Assigned task: Print the records below exactly, from the line containing "The annual Courage" down to the line containing "are coming out", both lines included, and omit every picture.

[Data listing Boundary: Start]

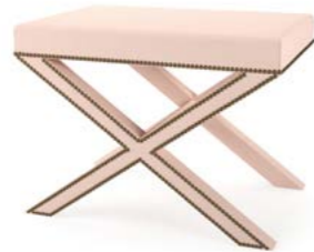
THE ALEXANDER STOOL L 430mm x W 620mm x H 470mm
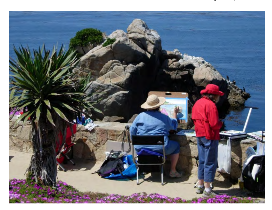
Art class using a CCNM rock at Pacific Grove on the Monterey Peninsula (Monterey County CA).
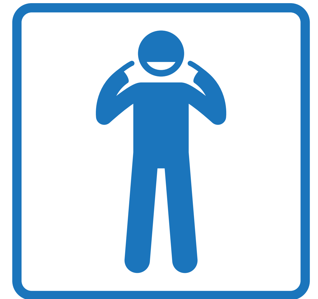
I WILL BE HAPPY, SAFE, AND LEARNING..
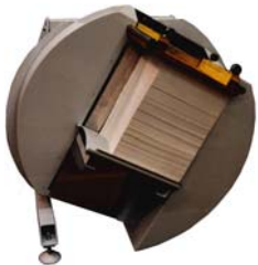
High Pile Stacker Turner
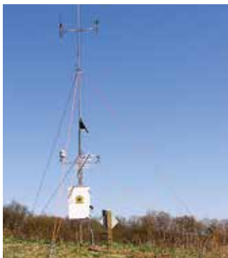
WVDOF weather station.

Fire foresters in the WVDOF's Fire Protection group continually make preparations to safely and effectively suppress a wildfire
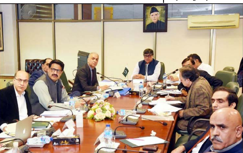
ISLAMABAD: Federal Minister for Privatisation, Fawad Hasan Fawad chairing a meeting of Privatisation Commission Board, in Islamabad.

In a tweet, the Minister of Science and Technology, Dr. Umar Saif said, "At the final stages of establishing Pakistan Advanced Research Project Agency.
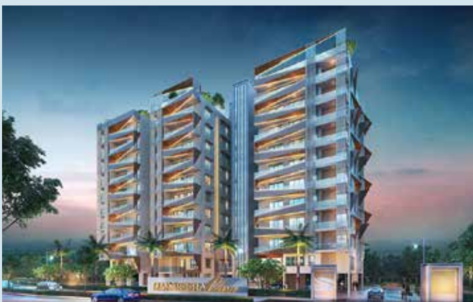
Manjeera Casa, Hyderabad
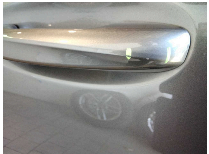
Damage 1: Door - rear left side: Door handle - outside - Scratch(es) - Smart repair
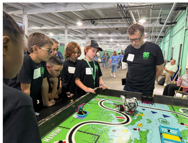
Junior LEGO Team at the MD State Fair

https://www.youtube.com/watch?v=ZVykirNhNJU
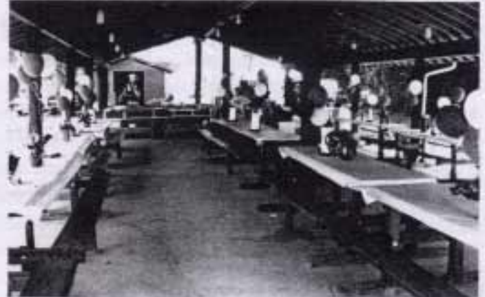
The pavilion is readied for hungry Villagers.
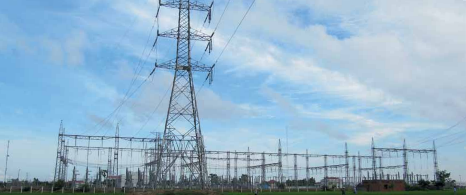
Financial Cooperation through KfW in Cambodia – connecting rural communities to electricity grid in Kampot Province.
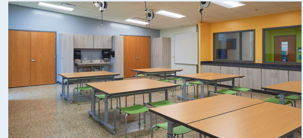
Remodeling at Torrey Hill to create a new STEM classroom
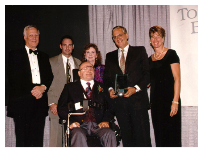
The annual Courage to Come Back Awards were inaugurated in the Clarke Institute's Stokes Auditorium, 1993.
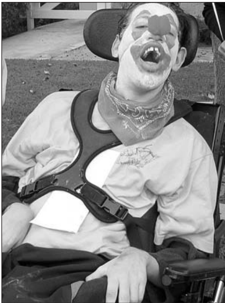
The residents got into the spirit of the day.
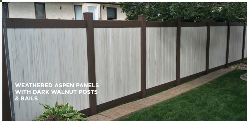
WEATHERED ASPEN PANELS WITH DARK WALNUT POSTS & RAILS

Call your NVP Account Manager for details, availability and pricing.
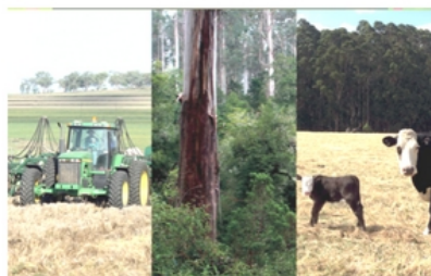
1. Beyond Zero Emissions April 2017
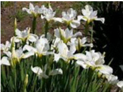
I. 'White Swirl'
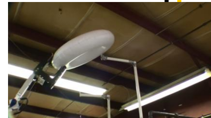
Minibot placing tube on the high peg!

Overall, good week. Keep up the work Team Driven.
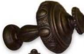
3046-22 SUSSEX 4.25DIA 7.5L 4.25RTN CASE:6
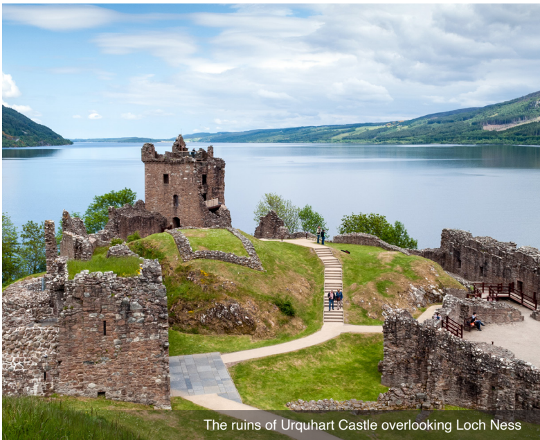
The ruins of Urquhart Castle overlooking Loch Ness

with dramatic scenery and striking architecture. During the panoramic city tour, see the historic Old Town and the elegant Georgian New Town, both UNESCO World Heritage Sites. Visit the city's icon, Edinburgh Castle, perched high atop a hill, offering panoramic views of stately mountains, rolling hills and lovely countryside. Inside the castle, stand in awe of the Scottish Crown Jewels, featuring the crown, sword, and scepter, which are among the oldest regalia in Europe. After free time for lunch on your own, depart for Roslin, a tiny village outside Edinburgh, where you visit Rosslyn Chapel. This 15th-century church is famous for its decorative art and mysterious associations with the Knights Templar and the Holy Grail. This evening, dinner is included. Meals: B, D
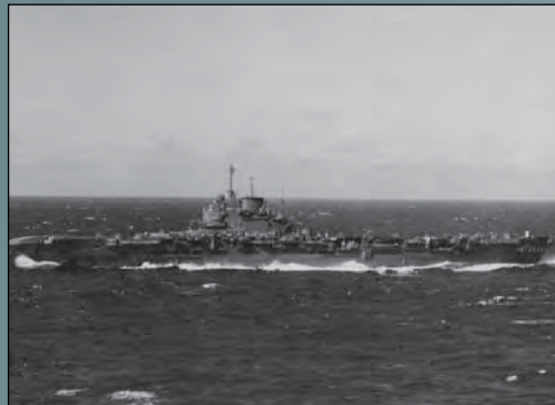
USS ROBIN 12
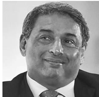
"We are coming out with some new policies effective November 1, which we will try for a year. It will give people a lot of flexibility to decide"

[Data listing Boundary: End]
[Data listing Boundary: Start]

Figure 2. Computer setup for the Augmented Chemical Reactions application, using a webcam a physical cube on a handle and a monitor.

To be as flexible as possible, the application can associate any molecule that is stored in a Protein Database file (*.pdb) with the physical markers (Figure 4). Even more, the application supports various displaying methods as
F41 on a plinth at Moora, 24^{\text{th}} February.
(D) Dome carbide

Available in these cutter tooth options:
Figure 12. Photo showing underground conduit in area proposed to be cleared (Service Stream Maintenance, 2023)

[Data listing Boundary: End]
[Data listing Boundary: Start]

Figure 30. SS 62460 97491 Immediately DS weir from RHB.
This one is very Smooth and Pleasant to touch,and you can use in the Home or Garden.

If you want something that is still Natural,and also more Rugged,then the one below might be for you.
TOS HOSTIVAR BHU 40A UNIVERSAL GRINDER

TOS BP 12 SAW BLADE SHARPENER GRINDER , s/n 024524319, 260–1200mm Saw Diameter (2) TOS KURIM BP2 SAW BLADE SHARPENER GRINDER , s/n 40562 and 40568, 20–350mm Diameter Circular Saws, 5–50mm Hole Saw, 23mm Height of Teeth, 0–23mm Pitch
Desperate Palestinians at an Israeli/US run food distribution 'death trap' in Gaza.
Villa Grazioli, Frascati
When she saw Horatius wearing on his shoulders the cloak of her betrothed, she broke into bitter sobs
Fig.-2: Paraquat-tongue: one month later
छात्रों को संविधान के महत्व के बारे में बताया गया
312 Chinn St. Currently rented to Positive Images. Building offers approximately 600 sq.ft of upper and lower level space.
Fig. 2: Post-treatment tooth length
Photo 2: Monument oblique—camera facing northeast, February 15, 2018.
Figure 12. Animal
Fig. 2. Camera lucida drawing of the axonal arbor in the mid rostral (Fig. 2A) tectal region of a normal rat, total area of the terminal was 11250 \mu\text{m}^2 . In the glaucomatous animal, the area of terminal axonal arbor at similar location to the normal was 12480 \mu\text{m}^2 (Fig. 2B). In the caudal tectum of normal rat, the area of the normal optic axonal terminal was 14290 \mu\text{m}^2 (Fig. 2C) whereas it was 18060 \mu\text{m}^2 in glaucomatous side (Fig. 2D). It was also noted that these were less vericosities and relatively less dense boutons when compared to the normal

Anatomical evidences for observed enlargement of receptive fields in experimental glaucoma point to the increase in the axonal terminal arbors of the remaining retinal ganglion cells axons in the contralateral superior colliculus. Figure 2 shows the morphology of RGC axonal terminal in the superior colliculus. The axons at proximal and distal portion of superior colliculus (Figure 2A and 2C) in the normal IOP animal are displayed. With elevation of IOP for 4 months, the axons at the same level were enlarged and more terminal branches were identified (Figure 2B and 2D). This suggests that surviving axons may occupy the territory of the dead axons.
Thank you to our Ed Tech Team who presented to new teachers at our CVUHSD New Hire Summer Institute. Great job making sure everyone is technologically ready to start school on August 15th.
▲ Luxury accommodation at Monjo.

[Data listing Boundary: End]

Response for this exercise:
The annual Courage to Come Back Awards were inaugurated in the Clarke Institute's Stokes Auditorium, 1993.
The residents got into the spirit of the day.
WEATHERED ASPEN PANELS WITH DARK WALNUT POSTS & RAILS

Call your NVP Account Manager for details, availability and pricing.
1. Beyond Zero Emissions April 2017
I. 'White Swirl'
Minibot placing tube on the high peg!

Overall, good week. Keep up the work Team Driven.
3046-22 SUSSEX 4.25DIA 7.5L 4.25RTN CASE:6
The ruins of Urquhart Castle overlooking Loch Ness

with dramatic scenery and striking architecture. During the panoramic city tour, see the historic Old Town and the elegant Georgian New Town, both UNESCO World Heritage Sites. Visit the city's icon, Edinburgh Castle, perched high atop a hill, offering panoramic views of stately mountains, rolling hills and lovely countryside. Inside the castle, stand in awe of the Scottish Crown Jewels, featuring the crown, sword, and scepter, which are among the oldest regalia in Europe. After free time for lunch on your own, depart for Roslin, a tiny village outside Edinburgh, where you visit Rosslyn Chapel. This 15th-century church is famous for its decorative art and mysterious associations with the Knights Templar and the Holy Grail. This evening, dinner is included. Meals: B, D
USS ROBIN 12
"We are coming out with some new policies effective November 1, which we will try for a year. It will give people a lot of flexibility to decide"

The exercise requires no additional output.